Sirius rubbed his face and Aurelia finally noticed that he was tired; she cupped her hands around her elbows in a half-nervous gesture and said, "I was off-duty, but I better get on Pettigrew's tail tomorrow." She gave a short laugh, remembering that he was a rat. "This should be a challenge. I'll be back tomorrow to ask you questions. And I'll be careful," she added, a bite of impatience in her voice.
Mentally rolling his eyes at the whole Auror obsession with questioning, Sirius watched her slip out of the cave and listened for her crunching footsteps down the mountainside, but there weren't any. He shook his head, too tired to deal with any more disbelief at this moment. Why did she unsettle him so much? Why did he keep forcing himself to avoid her hazel eyes?

Sirius awoke at midnight with a horrible feeling in the pit of his stomach. It was the chicken, he'd eaten too much, after days of feasting on uncooked rat whenever the hunger pangs got too strong. His body had gotten used to the meager rations, the raw meat, so when he gorged on that chicken of course it might make him sick ..
These thoughts ran through his mind in a split second. And then he threw up. He hated it. He'd done it plenty of times in Azkaban, of course, sometimes after hearing the atrocities that some of the Death Eaters had committed -- and enjoyed -- and sometimes just because of the maggots and fleas that made their home in his lumpy gray soup bowl. At least this time he had something to throw up, instead of dry heaves which he'd had more often than not in prison. Still, it was an unpleasant feeling. His mouth was burning with the tang of the acid from his stomach; cool, cleansing water was what he needed right now. He changed into his black dog form and trotted down to the river, letting the crisp night air calm him. For once he was thankful to be living in a small village; there were no cutthroat gangs or drunk bums about, and the stars were beautiful.
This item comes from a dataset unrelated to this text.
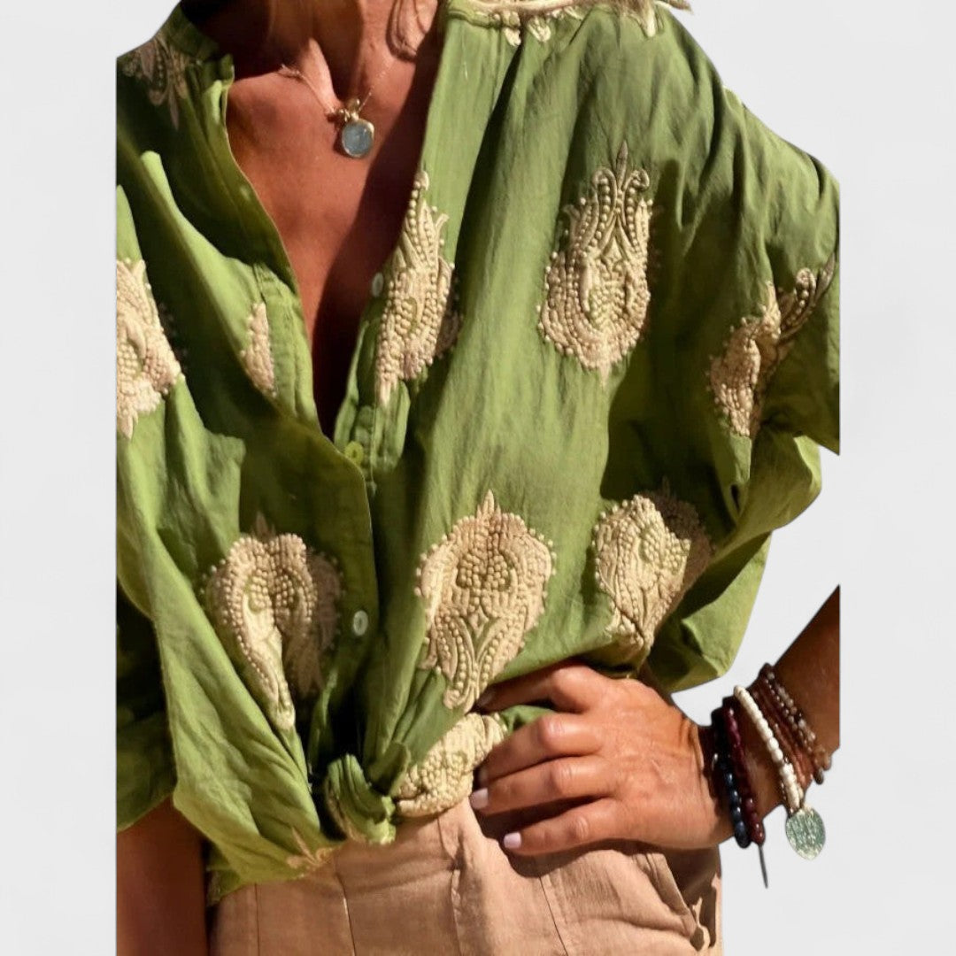 Tato blůza je ideální volbou pro ženy, které hledají kombinaci pohodlí a jedinečného stylu. Je vyrobena z lehkého a vzdušného materiálu, který je příjemný na nošení, a má jedinečný orientální vzor, který dodá vašemu outfitu osobitý a elegantní nádech. Její volný střih je pohodlný a lichotí každé postavě. Hodí se na každodenní nošení, do kanceláře nebo na procházky.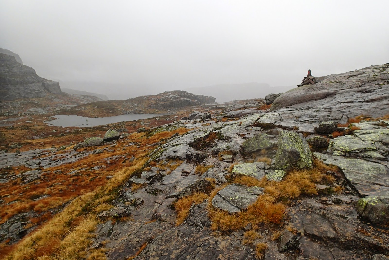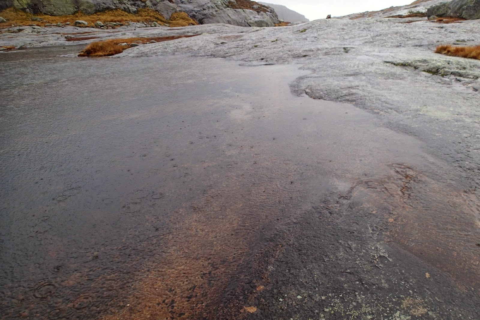 REJOHN Skrevet 21. oktober 2014 Skrevet 21. oktober 2014 Ikke snø eller is, men regn i bøtter og spann. Som vanlig, etter en overnatting på Blåfjellenden må jeg en tur i heia. Og denne gangen valgte jeg å gå innover mot Sandvatn. Det var snakk om regn. Og det kom vann fra oven i mengder. Fra parkeringsplassen og opp Lysebrekka var det faktisk ikke regn. Ikke tørt i bakken. Myrene var søkkbløte, og bekkene gikk store. Ånå ned Lysebrekka brummet fælt, og det var mye vann i kulpene. Nå innbød ikke temperaturen til bading, så vannet fikk strømme i fred. Det var ikke mange folk i heia denne helga. En enslig bil på parkeringsplassen, og det var antakelig en jeger som forsøkte å finne ryper i Valevannterrenget. Bilen var i hvert fal borte da jeg kom ned, og jeg hadde ikke møtt sjåføren. Det ble med andre ord en ensom tur innover heia. Egentlig en vintertur. Vinter på våre kanter, men da helst nede ved sjøen, har ofte dager med regn og vind – og temperatur rundt 4-5 grader. Slik det var på søndag i heia. Nå var været så pass bra at det ikke bød på noen utfordring hverken lørdag eller søndag. Men det var ingen som hadde overnattet på hytta. Den var kald og trist. Det er likevel greit å kunne være inne under tak når matpakken skal ned. Mat må til, spesielt etter to dager med tur. En hvil og mat gjør stor forskjell. Det er adskillig lettere å gå, med noe mat innenbords. Og denne gangen trengtes det. På vei tilbake, fikk jeg været rett i fleisen til å begynne med. Det var en stund litt utrivelig. Ikke langt oppe i første bakken, med pusten på topp, kom varmen og det ble lettere å gå. Innover gikk jeg å tenkte på hvor tungt det kunne bli på tilbakeveien. Det ble aldri riktig tungt. Det ble tvert om en av de turene der det fløt. Det gikk nærmest av seg selv, og føltes ikke tungt i det hele tatt. Det regnet selvsagt, men regnet kom litt fra siden og var ikke så veldig merkbart. Etter en stund glemte jeg hele nedbøren. Da kom det skikkelig regn. Det datt ned så det slo opp fra bakken. Det rant og surklet over alt. Det var fort gjort, og nedbøren gikk igjen over til en stille sildring. Det eneste skikkelige problemet med så pass mye vann er at alt blir glatt. Det var et par plasser jeg bare skle bortover og hadde ikke styring i det hele tatt. Jeg tok det med ro ned bakken. På vei tilbake, så jeg en mann som sto ved en stein et stykke fra stien. Jeg prøvde å hilse, men fikk ikke noen reaksjon. Det så ut som om han ventet på noen. Nede ved Lortabu sto det to karer – sauegjetere. De spurte om jeg hadde sett noen innover. Jeg kunne da fortelle om denne karen jeg hadde sett inne ved Blautevann. Det viste seg at de savnet en mann. Det må ha vært litt misforståelser, for de to andre var gått ned mens en ble igjen – i regnet og vinden. De gjorde seg klar til å ta oppover, men før jeg kjørte fra parkeringsplassen kunne jeg se en skikkelse opp i stien, på vei ned. Det må ha vært den savnede tredjemannen. En vintertur, og muligens den siste innover mot Sandvatn dette året. Litt trist å tenke på, men denne sesongen har gitt meg så mange fine opplevelser og turer i bra vær at det er nok å tenke tilbake på. Det er ikke så veldig mange årene jeg har vært innover så pass sent som i midten av oktober. Værmeldingen fremover gir håp om noen flere turer i år, så da gjenstår det bare å bestemme hvor turen skal gå. Vis hele artikkelen slik den er på hjemmesiden 8 Siter

He gulped the water hastily, letting it wash the burn out of his mouth, and the black dog rolled in the grass for a bit, enjoying the night for all it was worth. He needed to think, anyway.
Sirius very strongly doubted that Aurelia would turn him in. Yes, it was possible that she could just be a very good actress, but he didn't think that was the case. Something about her told him that she could be trusted. Besides, he'd taken all the necessary precautions, Harry would only worry more if he changed hiding places, and Aurelia did believe him. He assumed that she'd been listening the entire time he was talking with Harry, Ron, and Hermione .. but how? Suddenly recalling how she had made no noise going down the mountain, Sirius knew there was something she hadn't told him. Many things she had not told him.
She wouldn't be the only one doing the questioning tomorrow.